## Record extracts
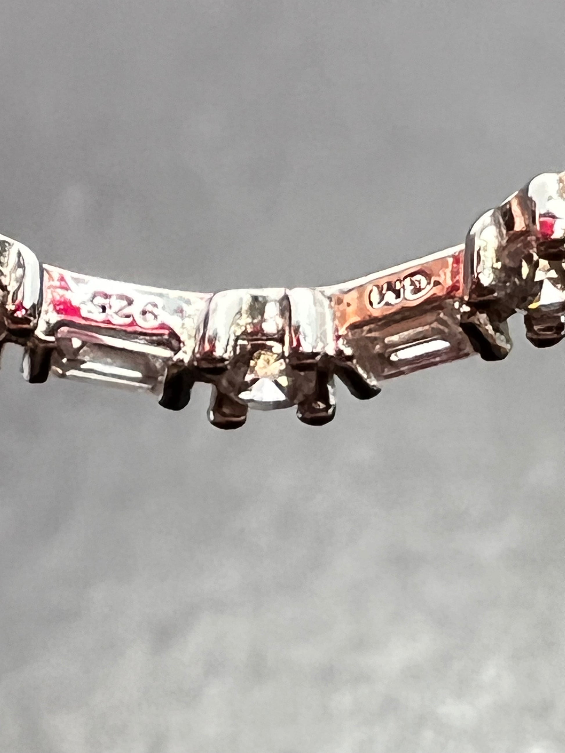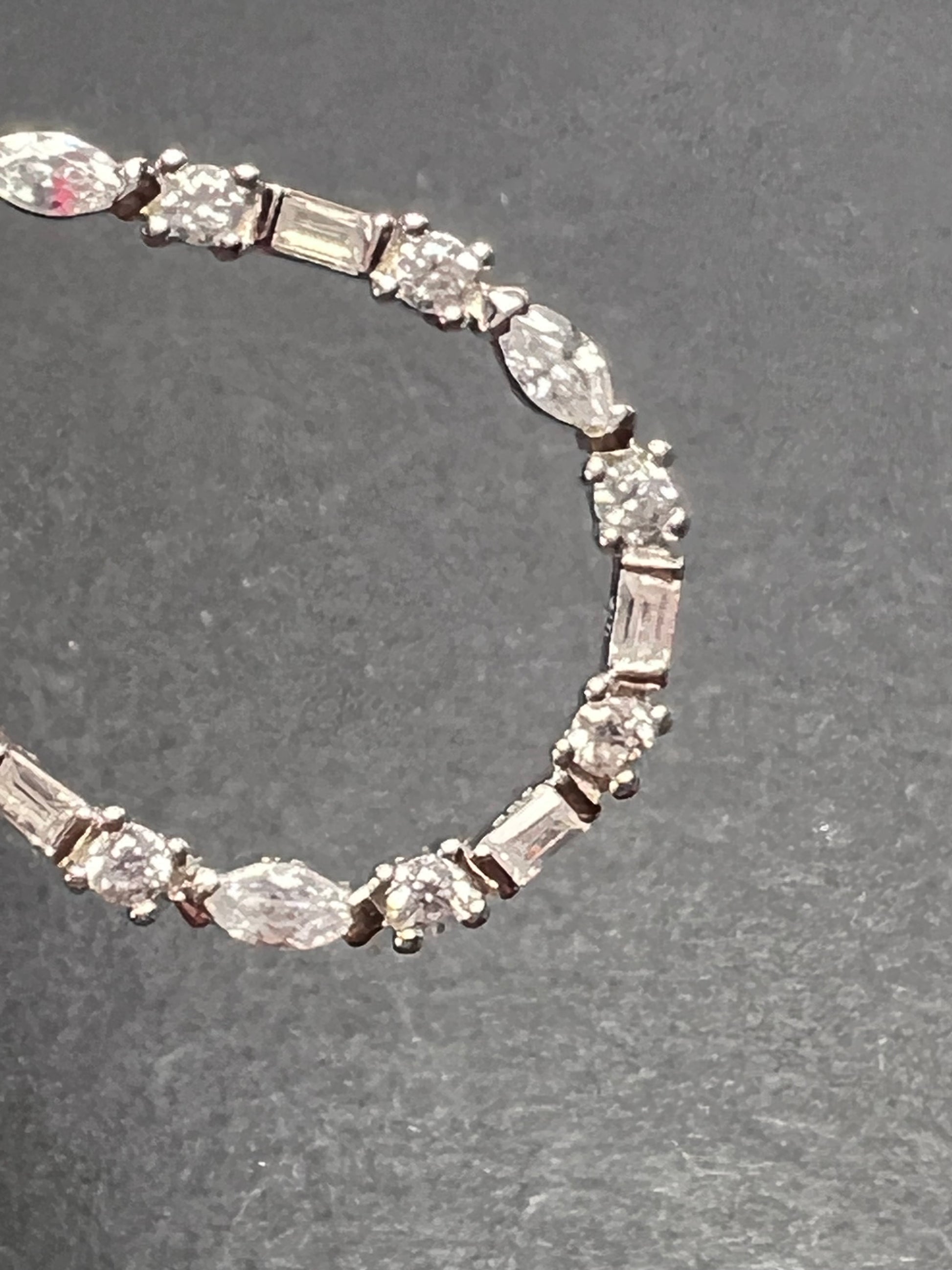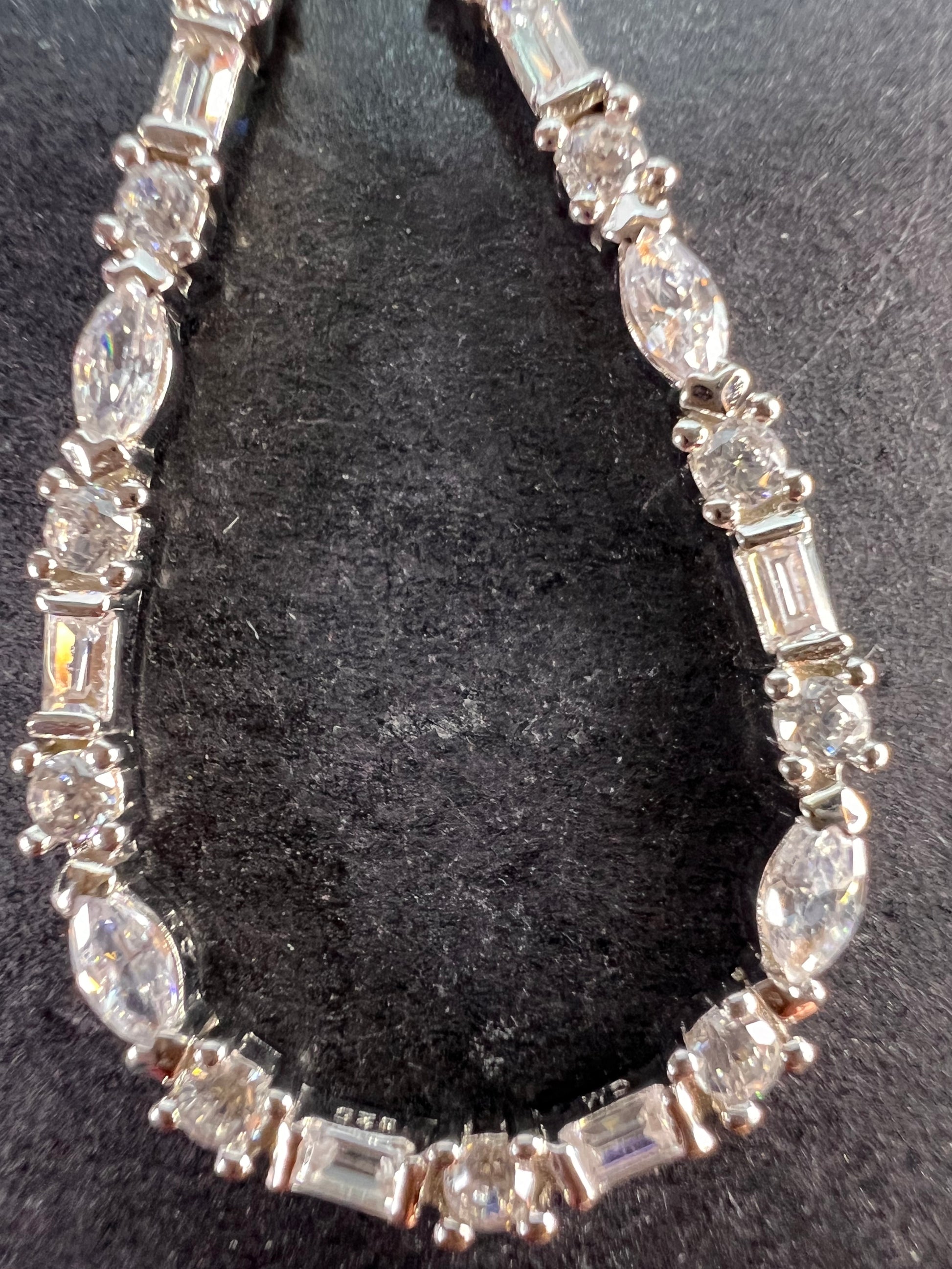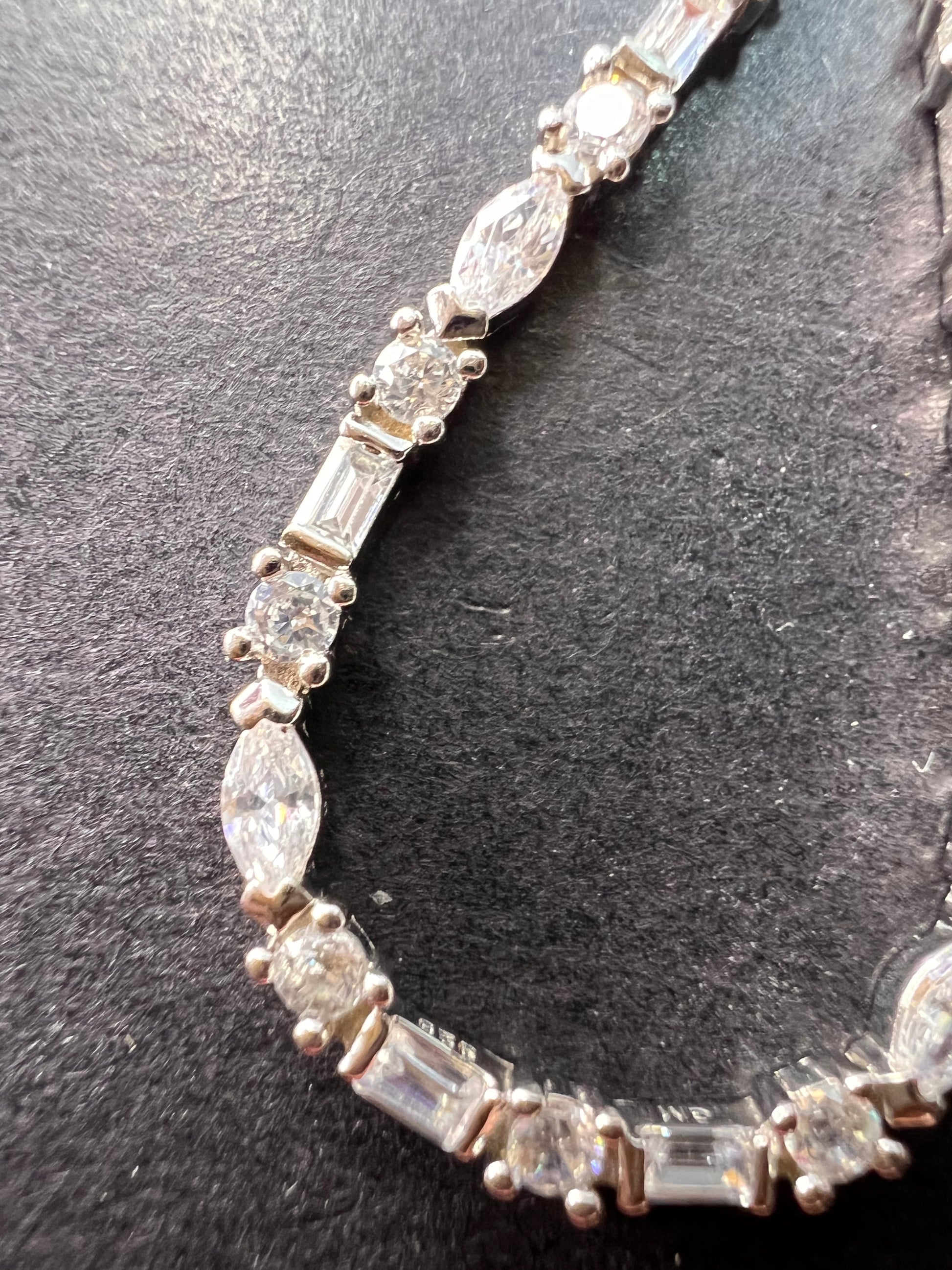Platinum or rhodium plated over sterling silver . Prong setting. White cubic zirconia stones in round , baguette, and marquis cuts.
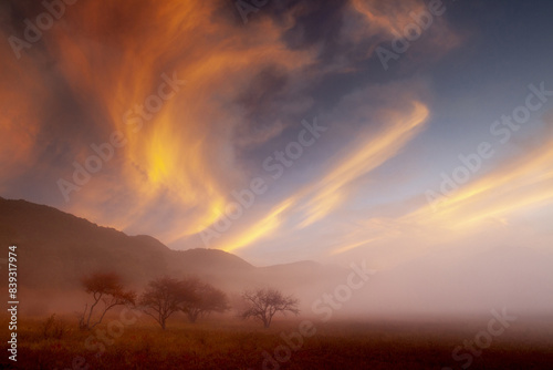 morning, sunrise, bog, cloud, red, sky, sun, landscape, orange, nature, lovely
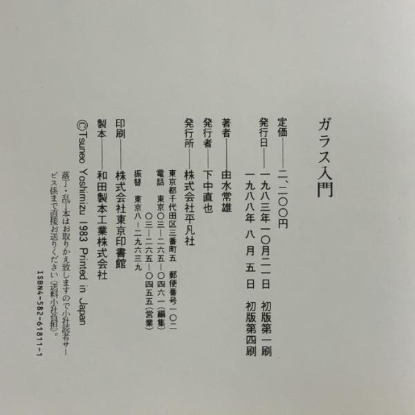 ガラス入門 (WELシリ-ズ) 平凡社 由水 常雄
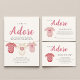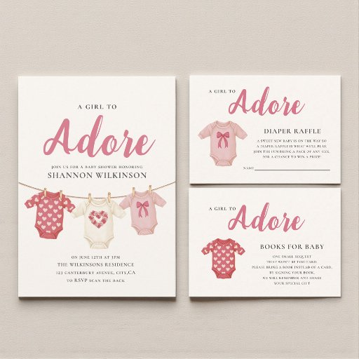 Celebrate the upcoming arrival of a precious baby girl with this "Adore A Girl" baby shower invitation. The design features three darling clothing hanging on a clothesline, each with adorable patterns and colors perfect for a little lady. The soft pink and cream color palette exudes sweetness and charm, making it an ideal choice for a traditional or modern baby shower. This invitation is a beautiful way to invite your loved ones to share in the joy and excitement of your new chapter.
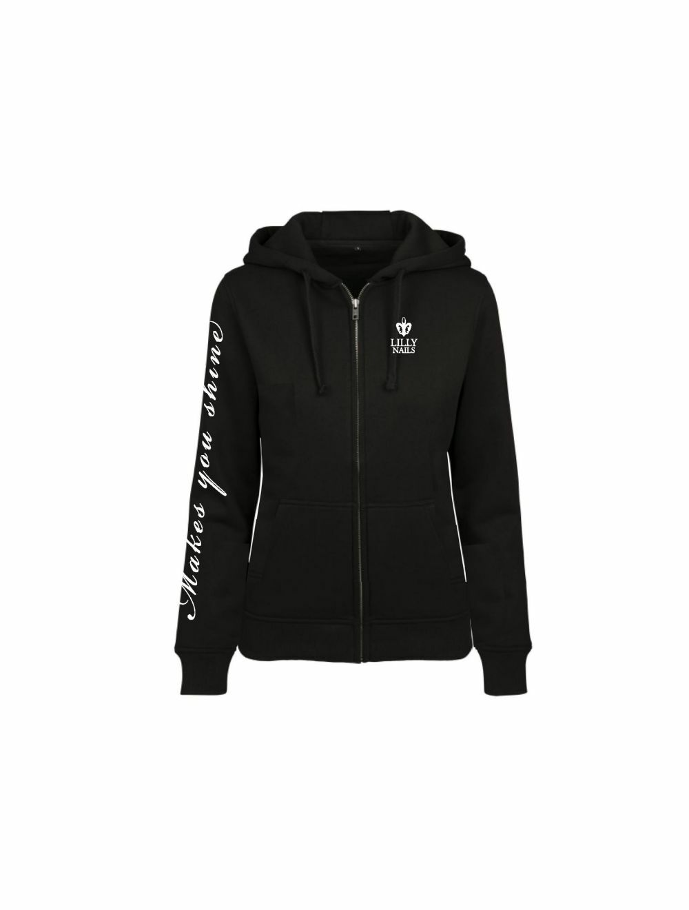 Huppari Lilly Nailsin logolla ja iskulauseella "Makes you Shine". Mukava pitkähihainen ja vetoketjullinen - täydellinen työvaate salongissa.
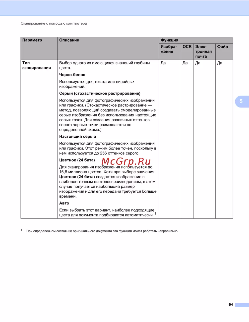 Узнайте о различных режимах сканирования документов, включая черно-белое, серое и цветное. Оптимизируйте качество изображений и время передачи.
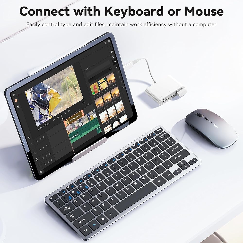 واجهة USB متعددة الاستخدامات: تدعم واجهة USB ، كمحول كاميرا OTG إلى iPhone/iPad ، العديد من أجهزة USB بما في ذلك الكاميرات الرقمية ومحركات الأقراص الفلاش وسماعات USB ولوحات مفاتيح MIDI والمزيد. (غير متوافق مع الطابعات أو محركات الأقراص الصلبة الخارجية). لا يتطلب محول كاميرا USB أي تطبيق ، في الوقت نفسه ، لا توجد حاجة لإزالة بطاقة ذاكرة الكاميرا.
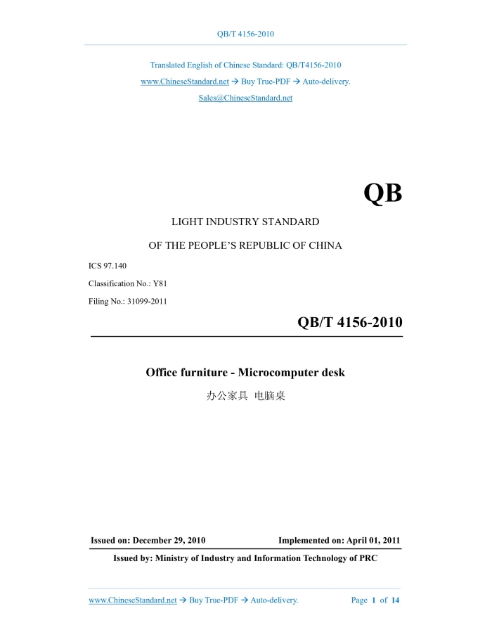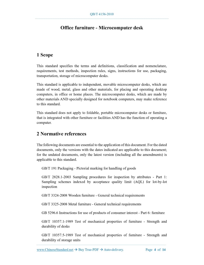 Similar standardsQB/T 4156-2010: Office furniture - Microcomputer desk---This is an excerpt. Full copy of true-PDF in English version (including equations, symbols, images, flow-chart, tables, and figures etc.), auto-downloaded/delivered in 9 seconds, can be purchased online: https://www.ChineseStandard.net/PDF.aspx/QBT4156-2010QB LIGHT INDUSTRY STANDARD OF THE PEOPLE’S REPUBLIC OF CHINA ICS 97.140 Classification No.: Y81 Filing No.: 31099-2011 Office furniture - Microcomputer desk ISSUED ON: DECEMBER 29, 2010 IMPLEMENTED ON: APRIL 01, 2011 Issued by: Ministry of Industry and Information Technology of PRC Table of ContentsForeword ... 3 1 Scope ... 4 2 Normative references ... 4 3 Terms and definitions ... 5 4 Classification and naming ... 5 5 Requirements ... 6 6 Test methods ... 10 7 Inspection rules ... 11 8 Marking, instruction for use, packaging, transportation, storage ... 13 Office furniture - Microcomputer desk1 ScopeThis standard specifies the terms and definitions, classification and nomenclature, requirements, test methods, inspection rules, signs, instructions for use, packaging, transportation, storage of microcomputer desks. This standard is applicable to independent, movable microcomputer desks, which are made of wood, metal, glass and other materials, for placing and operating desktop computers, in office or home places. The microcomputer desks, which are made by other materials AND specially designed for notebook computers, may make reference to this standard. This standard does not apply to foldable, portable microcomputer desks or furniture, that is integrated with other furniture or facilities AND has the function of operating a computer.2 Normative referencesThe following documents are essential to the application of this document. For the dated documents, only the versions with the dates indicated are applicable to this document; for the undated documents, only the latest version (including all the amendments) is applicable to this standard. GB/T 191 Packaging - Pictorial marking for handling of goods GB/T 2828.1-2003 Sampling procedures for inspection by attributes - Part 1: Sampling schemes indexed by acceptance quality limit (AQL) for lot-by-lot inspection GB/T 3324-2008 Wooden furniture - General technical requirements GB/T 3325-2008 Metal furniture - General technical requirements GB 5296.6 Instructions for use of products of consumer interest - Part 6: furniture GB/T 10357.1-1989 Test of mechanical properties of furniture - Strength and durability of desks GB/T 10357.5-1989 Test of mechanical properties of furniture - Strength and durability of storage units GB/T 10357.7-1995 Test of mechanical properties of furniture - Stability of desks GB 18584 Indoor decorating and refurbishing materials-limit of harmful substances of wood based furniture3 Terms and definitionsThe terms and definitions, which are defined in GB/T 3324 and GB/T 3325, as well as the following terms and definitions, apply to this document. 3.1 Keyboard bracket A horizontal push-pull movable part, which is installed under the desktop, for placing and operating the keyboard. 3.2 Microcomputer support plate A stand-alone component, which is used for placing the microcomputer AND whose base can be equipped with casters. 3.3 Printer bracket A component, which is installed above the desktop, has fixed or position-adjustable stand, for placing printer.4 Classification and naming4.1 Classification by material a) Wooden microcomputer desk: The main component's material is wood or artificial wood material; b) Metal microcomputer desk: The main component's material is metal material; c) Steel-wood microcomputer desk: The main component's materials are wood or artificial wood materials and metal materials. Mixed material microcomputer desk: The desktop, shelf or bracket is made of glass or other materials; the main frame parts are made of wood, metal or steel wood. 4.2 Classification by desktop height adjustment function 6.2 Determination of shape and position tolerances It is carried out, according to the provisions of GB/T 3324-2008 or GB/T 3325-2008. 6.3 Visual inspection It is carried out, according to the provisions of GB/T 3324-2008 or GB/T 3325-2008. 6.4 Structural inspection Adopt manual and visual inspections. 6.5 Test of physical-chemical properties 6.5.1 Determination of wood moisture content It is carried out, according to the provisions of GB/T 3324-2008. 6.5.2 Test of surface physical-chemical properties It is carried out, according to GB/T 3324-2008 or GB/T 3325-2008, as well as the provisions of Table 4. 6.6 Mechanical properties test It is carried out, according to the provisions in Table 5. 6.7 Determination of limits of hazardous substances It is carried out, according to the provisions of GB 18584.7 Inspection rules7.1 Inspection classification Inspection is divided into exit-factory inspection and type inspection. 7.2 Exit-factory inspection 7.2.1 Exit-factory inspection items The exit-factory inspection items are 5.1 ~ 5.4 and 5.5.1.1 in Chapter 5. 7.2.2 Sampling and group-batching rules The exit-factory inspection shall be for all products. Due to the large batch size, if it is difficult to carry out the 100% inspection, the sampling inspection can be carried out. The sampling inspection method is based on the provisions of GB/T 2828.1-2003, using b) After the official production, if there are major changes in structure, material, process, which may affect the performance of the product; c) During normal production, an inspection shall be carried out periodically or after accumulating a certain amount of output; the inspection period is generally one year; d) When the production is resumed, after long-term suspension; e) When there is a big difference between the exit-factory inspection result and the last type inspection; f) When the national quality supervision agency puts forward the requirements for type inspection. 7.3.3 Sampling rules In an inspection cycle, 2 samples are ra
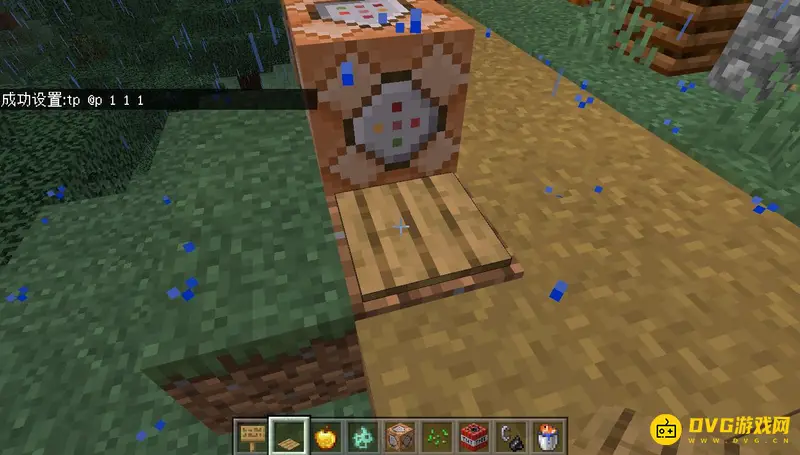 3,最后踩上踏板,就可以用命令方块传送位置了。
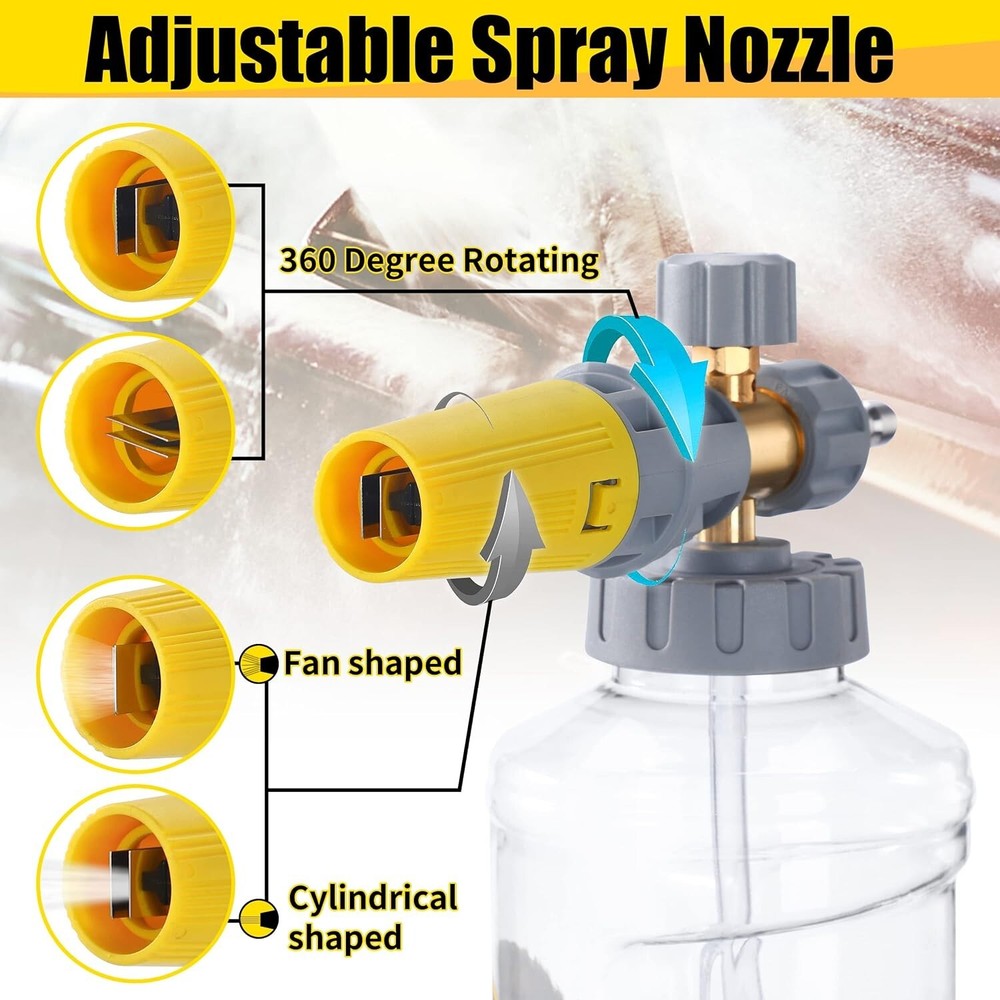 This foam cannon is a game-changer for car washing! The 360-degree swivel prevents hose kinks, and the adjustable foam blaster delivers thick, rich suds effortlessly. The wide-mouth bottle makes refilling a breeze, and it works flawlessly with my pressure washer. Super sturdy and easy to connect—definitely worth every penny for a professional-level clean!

## What is required
Output must match the lines from the start of the records above through the line that contains "واجهة USB متعددة", exactly and with every picture removed.

## Output for this task
Platinum or rhodium plated over sterling silver . Prong setting. White cubic zirconia stones in round , baguette, and marquis cuts.
 morning, sunrise, bog, cloud, red, sky, sun, landscape, orange, nature, lovely
 ガラス入門 (WELシリ-ズ) 平凡社 由水 常雄
 Celebrate the upcoming arrival of a precious baby girl with this "Adore A Girl" baby shower invitation. The design features three darling clothing hanging on a clothesline, each with adorable patterns and colors perfect for a little lady. The soft pink and cream color palette exudes sweetness and charm, making it an ideal choice for a traditional or modern baby shower. This invitation is a beautiful way to invite your loved ones to share in the joy and excitement of your new chapter.
 Huppari Lilly Nailsin logolla ja iskulauseella "Makes you Shine". Mukava pitkähihainen ja vetoketjullinen - täydellinen työvaate salongissa.
 Узнайте о различных режимах сканирования документов, включая черно-белое, серое и цветное. Оптимизируйте качество изображений и время передачи.
 واجهة USB متعددة الاستخدامات: تدعم واجهة USB ، كمحول كاميرا OTG إلى iPhone/iPad ، العديد من أجهزة USB بما في ذلك الكاميرات الرقمية ومحركات الأقراص الفلاش وسماعات USB ولوحات مفاتيح MIDI والمزيد. (غير متوافق مع الطابعات أو محركات الأقراص الصلبة الخارجية). لا يتطلب محول كاميرا USB أي تطبيق ، في الوقت نفسه ، لا توجد حاجة لإزالة بطاقة ذاكرة الكاميرا.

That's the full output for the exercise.